山の観光地で一番見分けやすいポイントは何ですか?
一番見分けやすいポイントは、レールがあるかどうかです。
レールがあればケーブルカー、空中に吊り下げられていればロープウェイ・ゴンドラ・リフトです。そのうえで、箱型かイス型かを見ると判断しやすくなります。

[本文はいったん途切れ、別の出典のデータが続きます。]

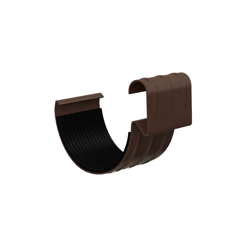 Соединитель желоба D125 мм коричневый RAL8017 с покрытием Пластизол серии МП Престиж от Металл Профиль. Устанавливается в местах соединения водосточных желобов, используется для герметизации стыков и придает дополнительную прочность водостоку.

ケーブルカー・ロープウェイ・ゴンドラ・リフトの違いまとめ
- ケーブルカーは、地面のレール上を走るレール式の乗り物
- ケーブルカーは鋼索で車両を引っ張る鋼索鉄道にあたる
- ロープウェイは、空中のロープに吊られた大きめの箱型搬器で移動する乗り物
- ゴンドラは、小さめの箱型搬器が次々に循環することが多い乗り物
- リフトは、イス型の搬器に座って空中を移動する乗り物
- ロープウェイ・ゴンドラ・リフトは、広い意味で索道に含まれる
- ケーブルカーとロープウェイの違いは、レール式か吊り下げ式かで見分けやすい
- ゴンドラとリフトの違いは、箱型かイス型かで判断しやすい
- ロープウェイとゴンドラは似ているため、搬器の大きさや数も確認したい
- ケーブルカーもロープを使うが、空中に吊られる乗り物ではない
- 観光地の乗り物は、正式名称と見た目が完全に一致しない場合もある
ケーブルカー・ロープウェイ・ゴンドラ・リフトで迷ったときは、まず「レールがあるか」「箱型かイス型か」を見ると、違いをつかみやすくなります。